For all these services you have to pay for only what you use. These services let the IT
companies to stop focusing on the hardware and software related problems and focus mainly on
their product development and other research activities [1].
2. Need for Cloud Simulation:
The demands of the consumers of cloud computing vary based on various factors like application
usability, security, maintainability, size, environment etc. It is also difficult for the consumers to
test the performance of their application because of the hypothetical and dynamic nature of the
cloud. Hence, it is viable for them to test their application in a controlled environment before
getting it into the cloud [1].
A reasonable solution to the above problem is to reproduce the cloud computing environment
using cloud simulation technologies [1]. There are many readily available cloud simulation tools
which can be used for replicating the actual cloud settings with a good success rate. Cloud
simulation offers solace to consumers who are reluctant to deploy their system directly on the
cloud without understanding the technical jargons. This will also help vendors who are offering
SaaS to improve their efficiency.
There are different simulation techniques available for different use. We explain some of the
simulations below.
3. Grid Computing and Simulation:
3.1 Introduction:
Grid computing is a distributed computing infrastructure used for computing large amounts of
data, using a vast amount of resources. It combines multiple computers or administrative
domains to solve a specific task. All the computers are connected by a conventional network
interface, like Ethernet. The main feature of Grid computing is that it can facilitate commercial
transactions or assemble volunteer computing. The management and scheduling of resources in
grid computing environment is quite difficult and it requires sophisticated tools for analyzing and
fine-tuning algorithms before applying them to the real systems [10].

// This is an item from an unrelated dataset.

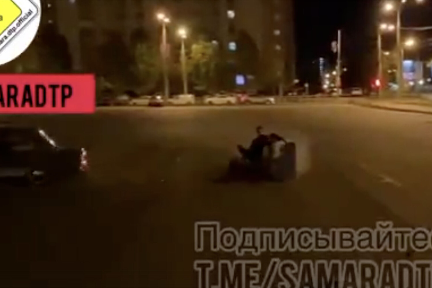 Судя по видео, на диван, привязанный к «Жигулям», сели два подростка. Автомобиль начал движение по кругу на большой скорости. В какой-то момент ребята не удержались и вылетели с дивана на асфальт.

The complexity of algorithms on the distributed systems of various resources can be effectively
analyzed by Grid simulation techniques. Simulation is also used for examining very large
hypothetical problems that may otherwise require many active users and resources [10].

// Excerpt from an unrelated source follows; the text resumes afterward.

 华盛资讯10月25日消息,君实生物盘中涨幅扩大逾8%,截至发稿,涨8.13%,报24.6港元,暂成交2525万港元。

A pictorial representation of the worldwide grid computing is given below [10].
3.2 GridSim:
GridSim[11] is a software toolkit or platform that allows users to model and simulate the
characteristics of Grid resources with different configurations. GridSim helps customers to study
the nuance of grids and analyze complex algorithms and methodologies in a controlled
environment. Using GridSim, researchers are able to conduct repeatable experiments and studies
which are not possible in a real time massive Grid Systems.
3.3 Features of GridSim: [need to paraphrase]
The important features of GridSim are given below.

It allows modeling of different resource characteristics and their failure properties;

It enables simulation of workload traces taken from real supercomputers;

It supports reservation-based or auction mechanisms for resource allocation;

It allocates incoming jobs based on space-or time-shared mode;

It has the ability to schedule compute- and/or data-intensive jobs;

It has a background network traffic functionality based on a probabilistic distribution.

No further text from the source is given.